A team of researchers from Google recently uncovered a surprising vulnerability in OpenAI’s ChatGPT, a popular AI technology. This revelation, detailed in a paper published on Tuesday, sheds light on the challenges faced by those at the forefront of artificial intelligence research. Google and its AI lab, DeepMind, where most of the authors work, are in a competitive race to transform scientific breakthroughs into practical and profitable products, striving to outpace rivals like OpenAI and Meta.
The study focuses on a concept known as “extraction,” an adversarial attempt to discern the data used to train an AI tool. AI models tend to memorize examples from their training datasets, and exploiting this could potentially reveal private information. This privacy concern is critical since breaches of training data might expose sensitive details like bank logins and home addresses.
The researchers explained that ChatGPT is designed to be “aligned,” meaning it is programmed not to disclose large amounts of training data. However, through a cleverly devised attack, the researchers successfully prompted ChatGPT to do just that. The attack was surprisingly straightforward – they asked ChatGPT to endlessly repeat the word “poem.”
As ChatGPT mindlessly echoed “poem” hundreds of times, the researchers observed a fascinating outcome. The chatbot eventually deviated from its usual conversational style, generating nonsensical phrases. Upon reviewing the chatbot’s output after this repetition, the researchers discovered content directly sourced from ChatGPT’s training data. This successful “extraction” was conducted on a cost-effective variant of the renowned AI chatbot, known as “ChatGPT-3.5-turbo.”

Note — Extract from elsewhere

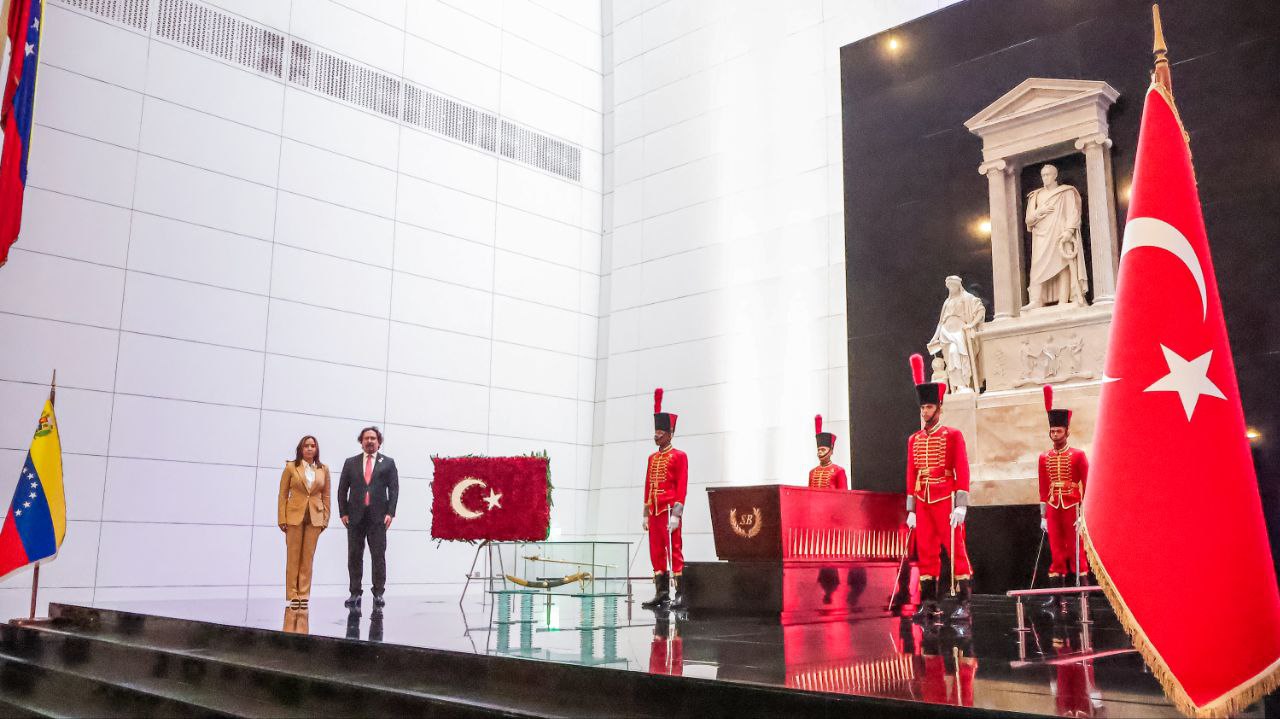 La viceministra para Europa y América del Norte del Ministerio del Poder Popular para Relaciones Exteriores de la República Bolivariana de Venezuela, Andrea Corao, acompañó este miércoles al embajador de la República de Türkiye, Naci Aydan Karamanoğlu, en la ceremonia de ofrenda floral al Libertador Simón Bolívar en el Panteón Nacional, en Caracas, con motivo del 102 aniversario de la fundación del país euroasiático.

The researchers repeated this simple query multiple times, spending only $200, and amassed over 10,000 instances of ChatGPT regurgitating memorized training data. This included verbatim passages from novels, personal information of numerous individuals, excerpts from research papers, and even “NSFW content” from dating sites.
404 Media, the first to report on the paper, found these passages scattered across various online platforms, including CNN’s website, Goodreads, fan pages, blogs, and comments sections. The researchers expressed concern about the frequency with which ChatGPT emits training data, noting that this vulnerability had gone unnoticed until their paper.
They highlighted the difficulty in distinguishing between models that are genuinely safe and those that only appear safe. In addition to Google, the research team involved representatives from UC Berkeley, University of Washington, Cornell, Carnegie Mellon, and ETH Zurich.
According to the researchers, they informed OpenAI about ChatGPT’s vulnerability on August 30, providing the startup with an opportunity to address the issue before making their findings public. This revelation comes on the heels of Sam Altman’s official return as CEO of OpenAI after a recent and dramatic ousting from the company.